A year or so ago, I was able to seriously score an awesome video card for my MSFS system.
What (apparently) happened was that some poor sod had spent huge bucks on a whole s-load of high-end video cards for crypto-currency mining.
The very next day, (or something like that), they changed the crypto-currency algorithms to make them not require massive racks of video cards to crypto-mine, rendering his huge investment in high-end video cards virtually worthless!
Result:
I snagged an awesome video card for pennies on the dollar that had never been taken out of the box!
P.S.
While shopping for upgrades for the granddaughter’s computers at Micro Center, I saw a “video card” - that weighed in at more than $2000!! Each.
And!
Liquid cooling solutions for cooling the beastie as you try for petaflop performance.
First:
Where do you put them, or is that a gigantic robot?
Second:
Are they outta their flippin’ minds? This is obviously not intended for mere mortals like us, but rather research facilities with bottomless budgets.
Obviously they don’t have Raspberry Pi based robots in their sights.

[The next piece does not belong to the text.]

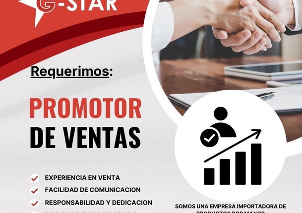 REQUERIMOS PROMOTOR DE VENTAS:| solamente con experiencia de 3 años en el rubro de Ventas por mayor en Electrodomésticos y línea blanca, Facilidad de comunicación, Responsabilidad y dedicación, Disponibilidad de horario. Con salario inicial de 4.000 Bs. Ref. 72659014 / 76061008 (B000435151)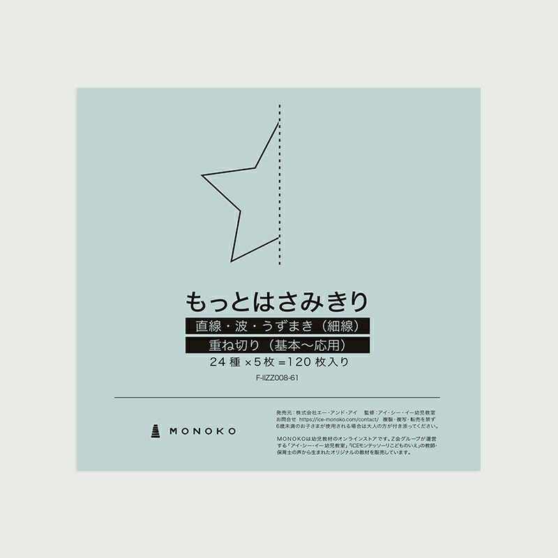 はさみに少し慣れてきたお子さまのための、はさみきりの専用紙です。「直線切り」の簡単なものから「曲線切り」や、複雑な絵柄の「重ね切り」をセットにしました。お子さまの手で持ちやすいサイズで、はさみで切るところは、中細の線で描かれています。2021年10月改定。

The demo had a MayFly AI wireless video camera / distance sensor mounted on a $400 Create3 sending the video direct via WiFi to a desktop with the two RTX4090 cards.
So, it wasn’t the robot that had the video cards, but the huge supercomputer they had it connected to, 'eh?
IMHO, that’s cheating. You could make a micro:bit swim the Hellespont if it had a big enough co-processor.
Again IMHO, the “robot” wasn’t the mobile appendage, but the huge honkin’ monster it was connected to. Just go ahead and put wheels on it and be done with it all.
The definition of “robot” seems both vague and fluid. Since I am mostly interested in autonomous behavior and I don’t care much about how I get there, I am personally ok leaving “self-contained” out of my robot definition. This makes wireless (or even wired) co-processors ok, even very expensive ones that I can’t afford!